Xi Jinping has criticised the “bullying behaviour” of other countries while Vladimir Putin has blamed the west for his war on Ukraine, on the second day of a major summit in China which seeks to challenge western-led multilateral blocs.
The Shanghai Cooperation Summit (SCO) began in the city of Tianjin on Sunday, with Xi welcoming dozens of leaders from Eurasian member states and other partner and observer countries, including Putin, and Indian prime minister Narendra Modi.
In a speech to delegates on Monday, Putin claimed the war was not triggered by Russia’s full-scale invasion of Ukraine in 2022, but was “a result of a coup in Ukraine, which was supported and provoked by the west”.
“The second reason for the crisis is the west’s constant attempts to drag Ukraine into Nato,” the Russian president added.
Russia’s three-and-a-half year war has killed tens of thousands of people and devastated much of eastern Ukraine.
Putin’s remarks followed a speech by Xi, who said “the security and development tasks facing member states have become even more challenging”, and urged them to “oppose cold war mentality, bloc confrontation, and bullying”.
“We must uphold the international system with the United Nations at its core and support the multilateral trading system with the World Trade Organization at its core.”
Xi praised the growth of the SCO, saying they were building a new model of “true multilateralism”.
He urged further cooperation of member countries in leveraging their “mega-scale markets” to boost trade and investment, and said China would provide 2bn yuan ($280m) of free aid to member states this year and a further 10bn yuan of loans to a SCO banking consortium.
The Tianjin summit is the biggest SCO meeting since it was formed in 2002, and is a key part of Beijing’s push to challenge the dominance of US or western-led groups such as Nato. That effort has been boosted by the global upheaval caused by US president Donald Trump’s tariffs and other foreign policy changes.
Among the attendees is India’s leader Modi, on his first visit to China in seven years. The two nations had long traded hostilities over a Himalayan border dispute, trade, and China’s support for India’s rival Pakistan.
But the meeting on Sunday, five days after Washington imposed punishing 50% tariffs on Indian goods due to Delhi’s purchases of Russian oil, showed the relationship was thawing.
Xi said China-India ties could be “stable and far-reaching” if both sides focused on viewing each other as partners instead of rivals, state media reported.
Xi, Putin and Modi were seen chatting on live footage, the three leaders flanked by their official translators. In his remarks on Monday, Putin also praised the efforts of China and India “aimed at facilitating the resolution of the Ukrainian crisis”.
Many of the assembled dignitaries will be in Beijing on Wednesday to witness a military parade marking 80 years since the end of the second world war. The event will also be attended by North Korean leader Kim Jong-un.
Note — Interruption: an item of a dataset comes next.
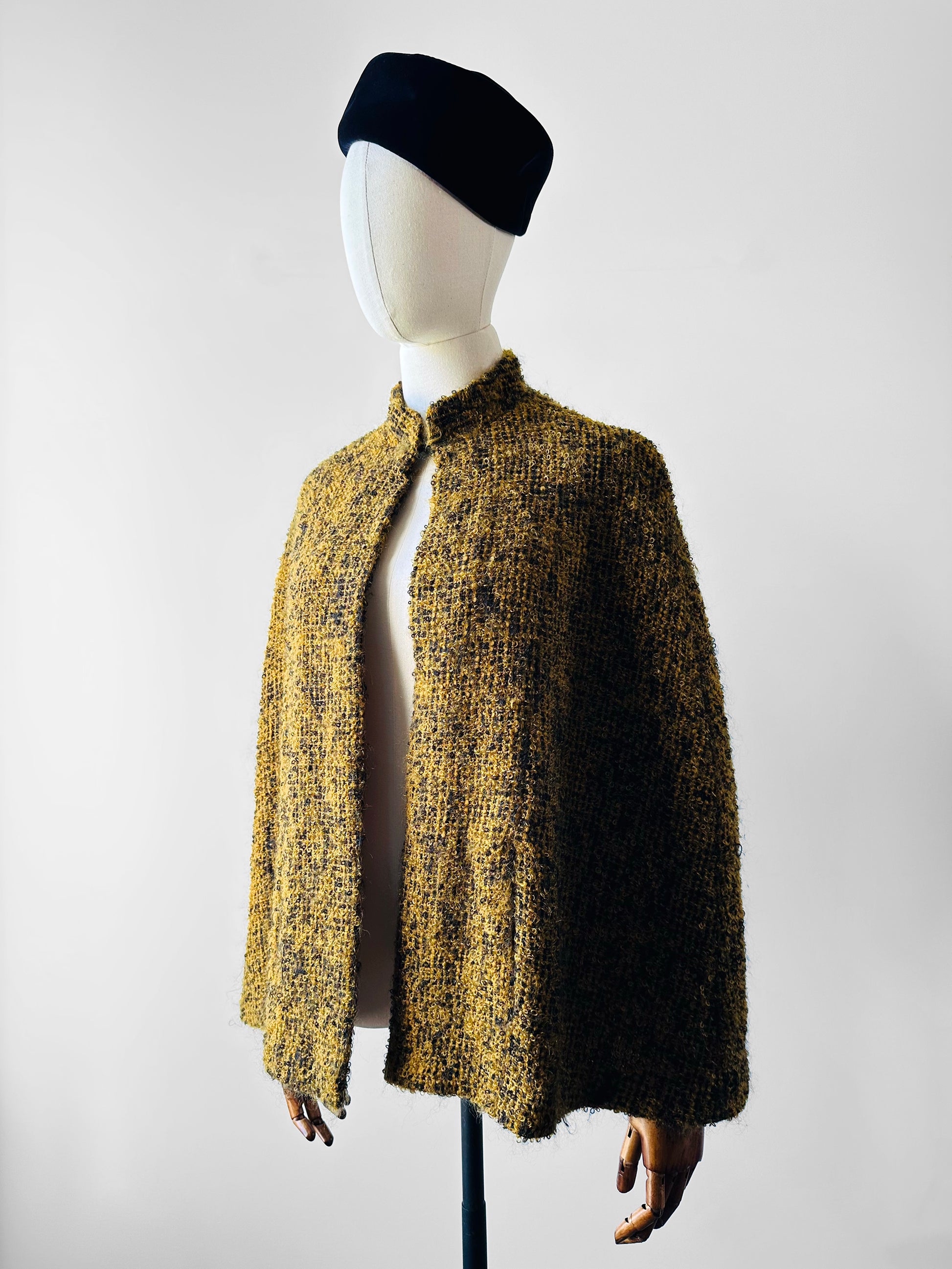 1960s - 1970s Yellow and Black High Collar Open Front Tweed Cape

On Monday, China’s foreign minister Wang Yi said that the summit had issued a statement calling for the international community to uphold the “correct” perspective on world war two and said that SCO members had fought side by side in that conflict.
In recent months China has highlighted its role, alongside the Soviet Union’s, in defeating Japan and Germany in the second world war.
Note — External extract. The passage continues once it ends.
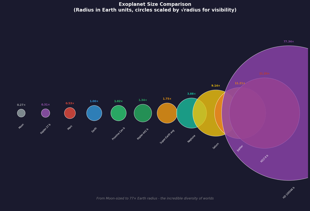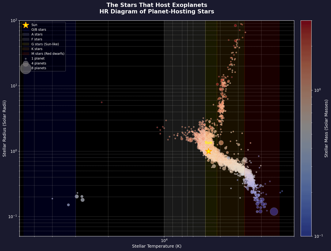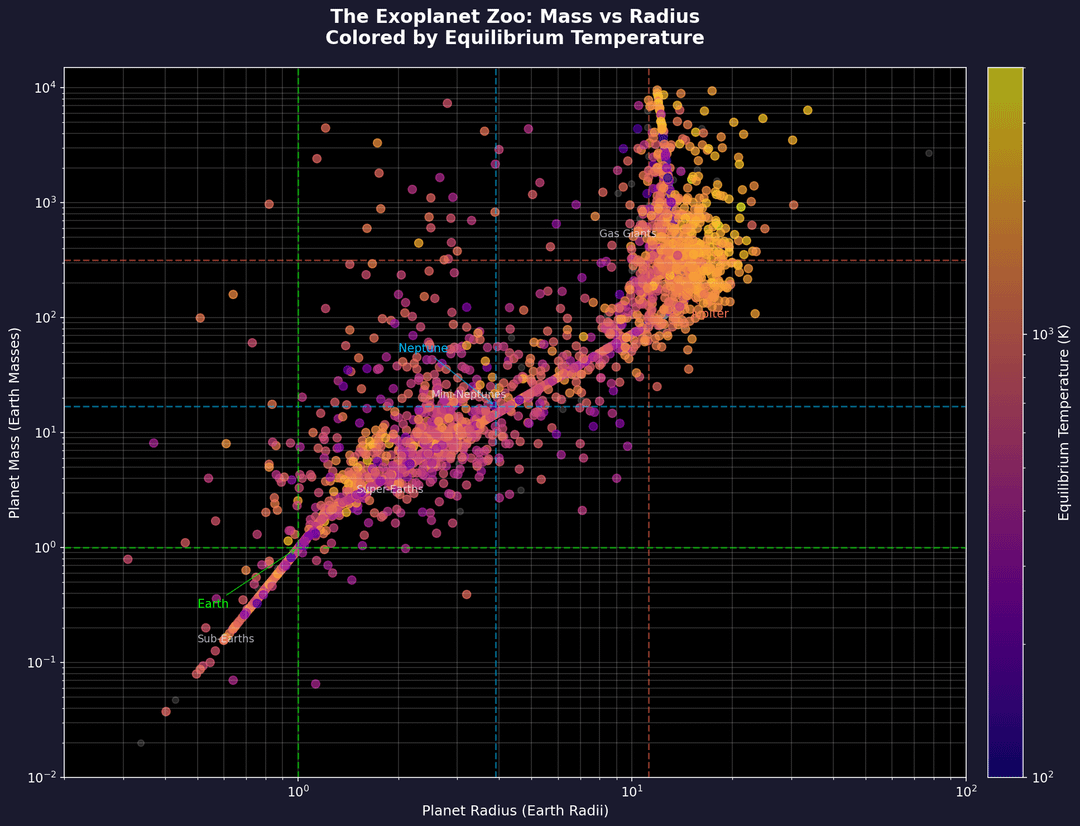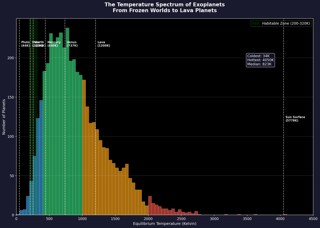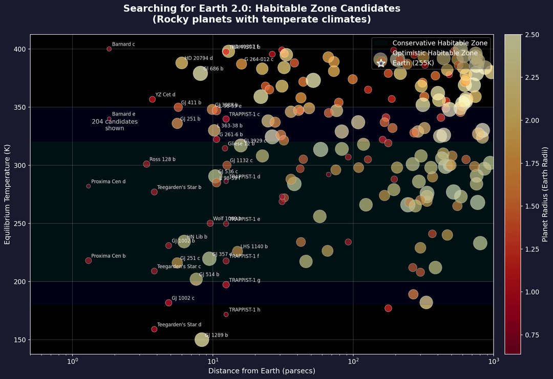 – 25 Goldilocks Candidates: Only 25 planets have both Earth-like size (0.8-1.5 R⊕) AND temperate temperatures (200-320K). This is just 0.4% of all known exoplanets.

Analysts will be closely watching for any formal meeting between Putin, Xi and Kim. North Korea’s assistance to Russia’s war is believed to have rankled Xi, who is trying to balance its Russian alliance with avoiding any further punitive responses from the US over the war in Ukraine.
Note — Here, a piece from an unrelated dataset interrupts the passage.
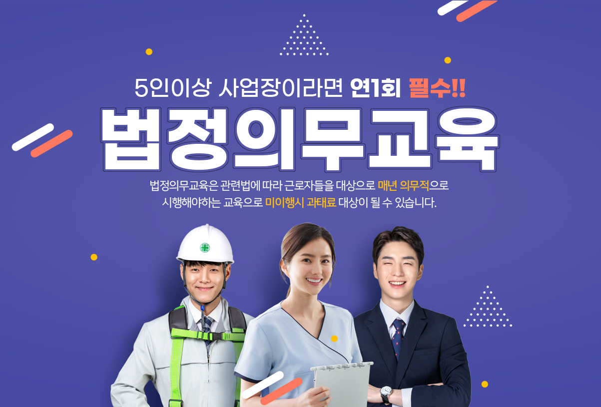 법정의무교육은 고용노동부에 등록된 교육기관에 위탁하여 받으셔야 합니다.

“It is publicly known that North Korean soldiers are already present on the Ukrainian battlefield, and Russia and North Korea have close military cooperation. If all three were to meet, it would be very striking to the United States, highlighting a potential new cold war dynamic,” said Lim Chuan-Tiong, a researcher with the Institute for Advanced Studies on Asia at the University of Tokyo.
“If such a meeting does not take place, it is likely because China does not want to overly provoke the US while maintaining a certain degree of triangular ambiguity.”